Players on WHL's Brandon Wheat Kings deescalate potential suicide attempt

The heroics of Brandon Wheat Kings players Calder Anderson, Nolan Ritchie, Jake Chiasson and Ben Thornton helped save a man's life. (Photo by Marissa Baecker/Getty Images)
The heroics of Brandon Wheat Kings players Calder Anderson, Nolan Ritchie, Jake Chiasson and Ben Thornton helped save a man's life. (Photo by Marissa Baecker/Getty Images)

After volunteering at a local food bank on Tuesday, Brandon, Man., natives Calder Anderson and Nolan Ritchie decided to showcase their city to Wheat Kings teammates Jake Chiasson and Ben Thornton. As they were driving, the group spotted a man standing next to a light pole between north and south-bound bridges.

“The other guys in the car told me to turn around and we went back, heading north over the bridge,” Ritchie recalled to The Brandon Sun’s Perry Bergson. “He was sitting there and pointing down at us and we were like, ‘That’s kind of weird.’”

Shortly after making this discovery, Ritchie made a U-turn and pulled up approximately 20 feet from the man on the bridge. Upon arriving, Anderson rolled down the car window to ask how he was feeling and quickly found out that he was in distress.

“I got out of the car and asked him if he was OK,” Anderson said. “He informed me that things weren’t great for him and he was having some pretty bad thoughts, so I asked him if we could get some help and he agreed.

“I think the biggest thing in that situation is just to ask the person if they need help, and as soon as I asked, you could see the relief on his face knowing he had someone to care for him.”

While that transpired, Chiasson took action and dialled 911 on his phone from inside the car, informing emergency responders of the situation. Luckily, authorities were only five minutes away from their location.

Before they arrived, another person stopped on the bridge and attempted to help disarm the delicate situation. But that didn’t ease the stress the players were feeling in that moment.

“Life is kind of at a standstill for those couple of minutes,” Chiasson said. “You have the adrenalin pumping a little bit and it’s a situation you’re never taught to be in. It’s just whatever comes out from within is how you handle it.”

Even with help on the way, the players endured plenty of heart-wrenching moments with the man, who was just inches away from dropping to the railway tracks below. And their hearts started beating even faster every time he changed positions.

“It was scary, some moments,” Anderson said. “He would get up and that’s when your heart starts to beat a little faster and things get a little scarier. I didn’t get too close to him. I didn’t want him to feel any more pressure or anxiety than he was already feeling.”

Police officers rescued the individual shortly after arriving at the scene, lifting him away from the ledge and to safety. Officials later revealed that he underwent treatment and appears to be doing fine.

Brandon Police Service Staff Sgt.
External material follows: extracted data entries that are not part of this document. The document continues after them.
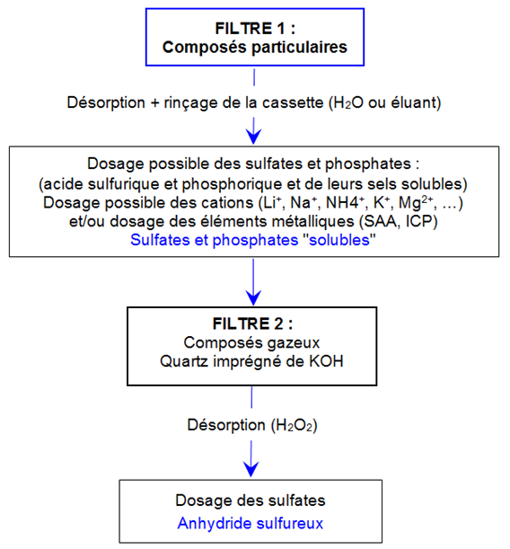 Les particules éventuellement présentes dans l’aérosol sont collectées sur un premier filtre (en général une membrane de faible porosité) et l’anhydride sulfureux gazeux est recueilli sur le second filtre imprégné d’hydroxyde de potassium. À la désorption, l’anhydride sulfureux est oxydé en sulfates qui sont alors dosés par chromatographie ionique ou électrophorèse capillaire.
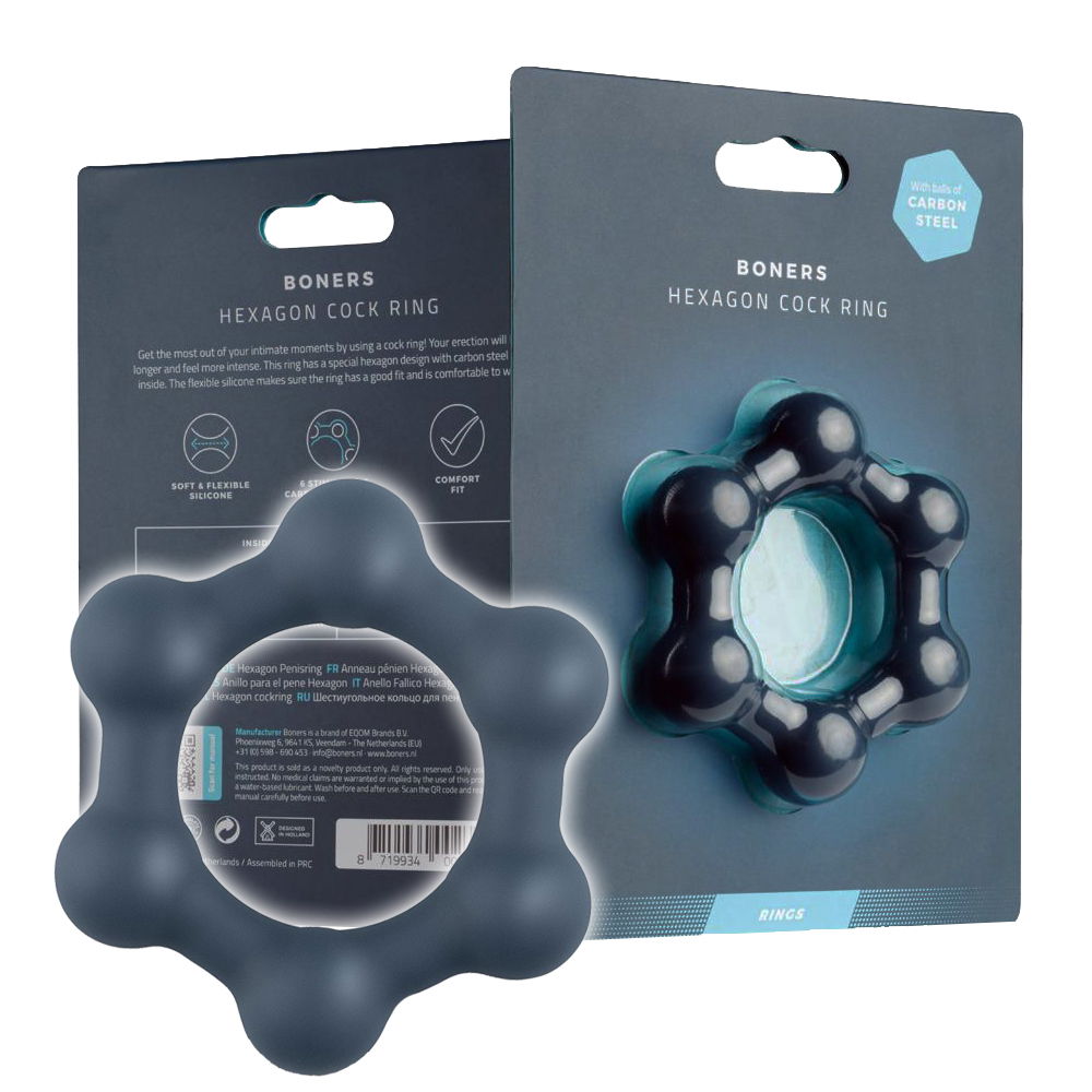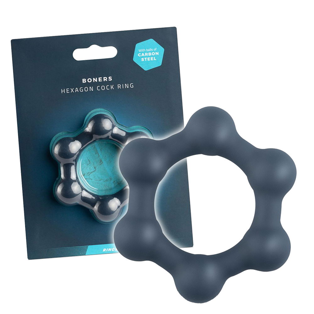 Rozciągliwy, uciskowy pierścień na penisa podtrzymujący erekcję. Pierścień utrudnia odpływ krwi z penisa, dzięki czemu członek staje się znacznie twardszy a czas trwania wzwodu wydłuża się. Pierścień erekcyjny na penisa z 6 kulkami stymulującymi.
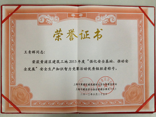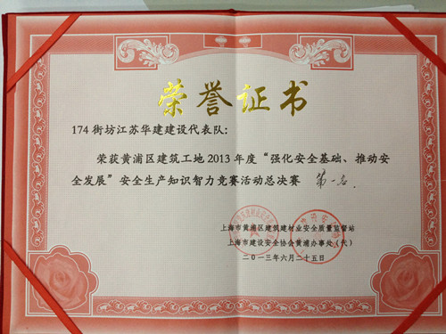 625日下午,上海公司外灘源項目部參加了由上海市黃浦區建設和交通委員會主辦的黃浦區建筑工地2013年度“強化安全基礎、推動安全發展”安全生產知識智力競賽并奪得第一名。
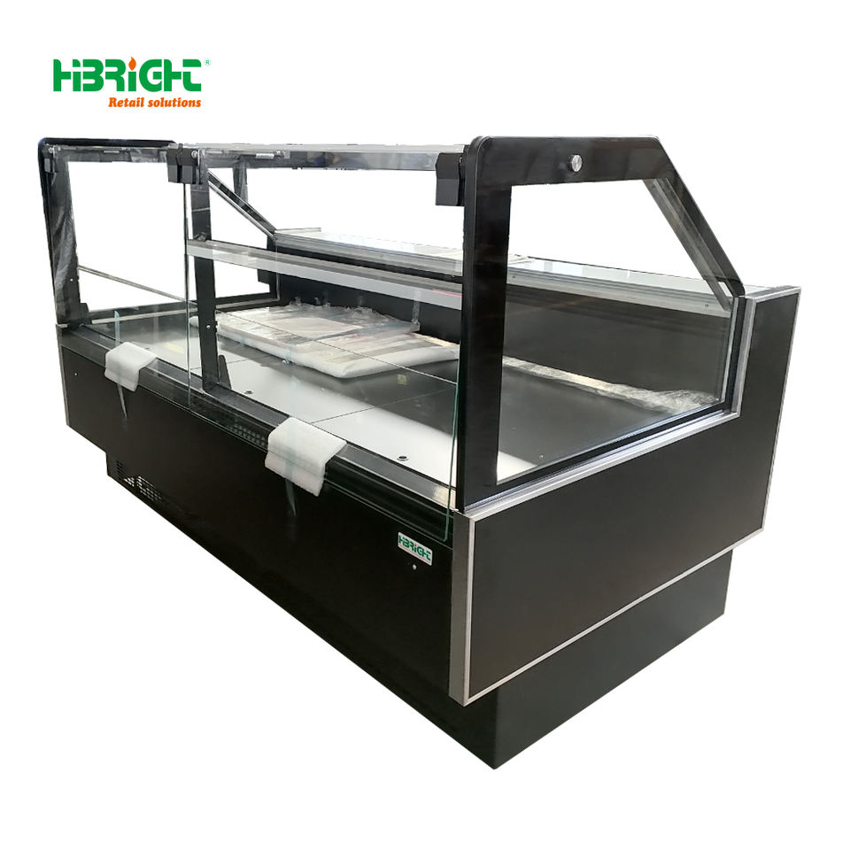 Refrigerante R290 de temperatura única para supermercado Deli, nevera para carne, pescado, comida, vidrio plano, enchufable, pantalla para carne y pescado

Bill Brown spoke to reporters afterwards, expressing his appreciation of the Wheat Kings players’ efforts. If not for them, the situation could’ve played out much differently.

“It’s four young guys who were at Samaritan House already, and continued to provide a community service with no one really watching,” Brown said. “They did something above and beyond.”

Once everything wrapped up, the players returned to their car and drove home after nearly witnessing a suicide attempt. That led to a pretty quiet car ride, although they did eventually begin to open up.

“I don’t know what I would have done if I saw him jump off the bridge,” Thornton said. “We’re very happy that we were able to save him and get him some help.”

The group also realized that 30-40 vehicles passed by during the incident, with none stopping to investigate as they did. But they never once thought about departing until the man was safe.

After all, that’s a lesson they’ve learned throughout their lives: everyone needs help sometimes.

“I think it’s just something that all of our parents and this organization have taught,” Chiasson said. “It’s about picking each other up and just caring for everyone.

“You don’t know what situation people are going through. Sometimes all it takes is just getting out to give them a little help or conversation.”

If there’s one thing the hockey community should take away from this story: it’s that there are good people in this world.

“There is a bit of a stereotype of junior hockey players not being the best guys,” Anderson said. “I’ve known these guys for a while and everyone is kind and a great person. A lot of people don’t get to see us off the ice.

“It sucks that something like this has to happen for people to realize that we are better people than a lot of people think. We’re just like everyone else, and we’re going to look out for each other.”